[Exercise goal] A faithful copy of the listing below is needed, with its pictures left out.

[Source material]

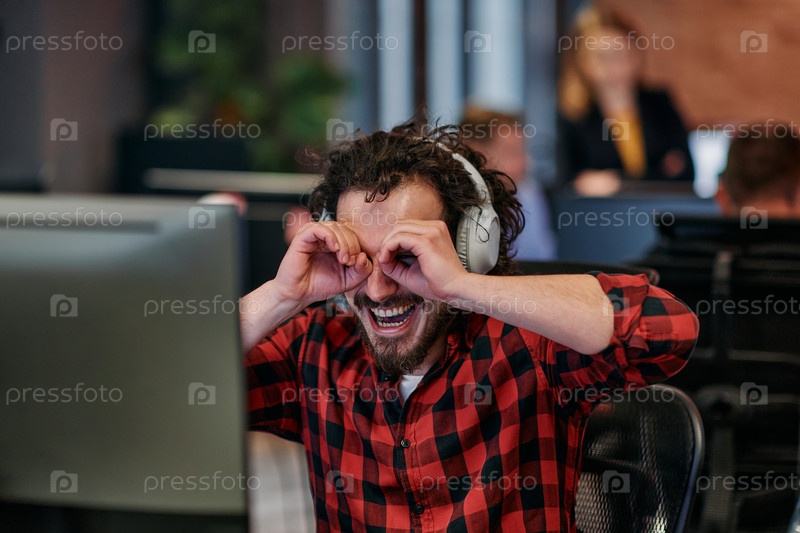 Радостное сотрудничество: мужчина с энтузиазмом принимает удаленную работу в коворкинг-пространстве
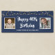 Feiern Sie einen 40. Geburtstag mit diesem bearbeitbaren königsblauen Bannerzeichen mit zwei Fotos (vielleicht "Dann" und "Jetzt") von ihm oder ihr, dem vorgeschlagenen Titel "HAPPY 40TH BIRTHDAY" in Ihrer Auswahl von Schriftart-Stilen und -Farben (in einem Pinselstrich-Schriftart in Weiß dargestellt), personalisiert mit ihrem Namen oder Ihrem eigenen Text und mit goldenen der weißen Saitenleuchten. Nehmen Sie Änderungen in EDIT vor. BANNEROPTIONEN: Das Muster wird im Format 2.5x6 angezeigt; andere Größen sind auf der Bestellseite verfügbar. Es besteht die Möglichkeit, das Design auf eine Schaumplatte, ein Plakat, einen Tapestry oder ein anderes Produkt zu übertragen oder es vom Designer in eine DIGITALE DOWNLOAD-Datei umzuwandeln, BEVOR er bestellt, es lokal zu drucken. HILFE: Für Hilfe bei der Modifikation oder Personalisierung des Designs, bei Farbänderungen, bei der Größenänderung, bei der Übertragung des Designs auf ein anderes Produkt oder wenn Sie die Dinge koordinieren möchten, wenden Sie sich bitte an den Designer BEFORE der Bestellung über Zazzle Chat oder per E-Mail makeitaboutyoustore@gmail.com.
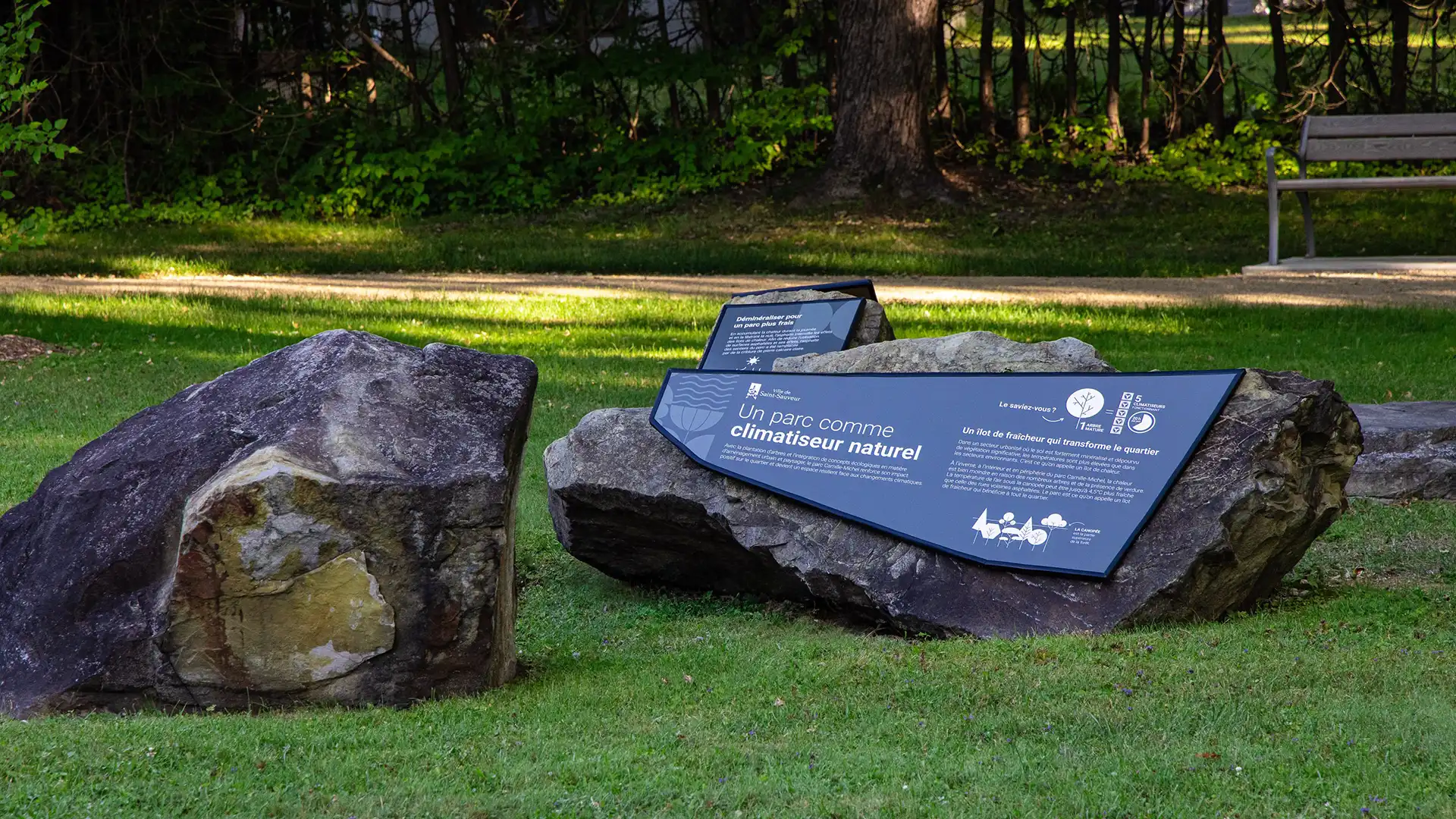 À l’écart des grands sentiers, des inscriptions sur les rochers expliquent le rôle d’îlot de fraîcheur du parc et la déminéralisation dont il a fait objet. Elles laissent l’espace disponible pour s’y asseoir, le temps d’une pause par exemple.

[Answer for the task]
 Радостное сотрудничество: мужчина с энтузиазмом принимает удаленную работу в коворкинг-пространстве
 Feiern Sie einen 40. Geburtstag mit diesem bearbeitbaren königsblauen Bannerzeichen mit zwei Fotos (vielleicht "Dann" und "Jetzt") von ihm oder ihr, dem vorgeschlagenen Titel "HAPPY 40TH BIRTHDAY" in Ihrer Auswahl von Schriftart-Stilen und -Farben (in einem Pinselstrich-Schriftart in Weiß dargestellt), personalisiert mit ihrem Namen oder Ihrem eigenen Text und mit goldenen der weißen Saitenleuchten. Nehmen Sie Änderungen in EDIT vor. BANNEROPTIONEN: Das Muster wird im Format 2.5x6 angezeigt; andere Größen sind auf der Bestellseite verfügbar. Es besteht die Möglichkeit, das Design auf eine Schaumplatte, ein Plakat, einen Tapestry oder ein anderes Produkt zu übertragen oder es vom Designer in eine DIGITALE DOWNLOAD-Datei umzuwandeln, BEVOR er bestellt, es lokal zu drucken. HILFE: Für Hilfe bei der Modifikation oder Personalisierung des Designs, bei Farbänderungen, bei der Größenänderung, bei der Übertragung des Designs auf ein anderes Produkt oder wenn Sie die Dinge koordinieren möchten, wenden Sie sich bitte an den Designer BEFORE der Bestellung über Zazzle Chat oder per E-Mail makeitaboutyoustore@gmail.com.
 À l’écart des grands sentiers, des inscriptions sur les rochers expliquent le rôle d’îlot de fraîcheur du parc et la déminéralisation dont il a fait objet. Elles laissent l’espace disponible pour s’y asseoir, le temps d’une pause par exemple.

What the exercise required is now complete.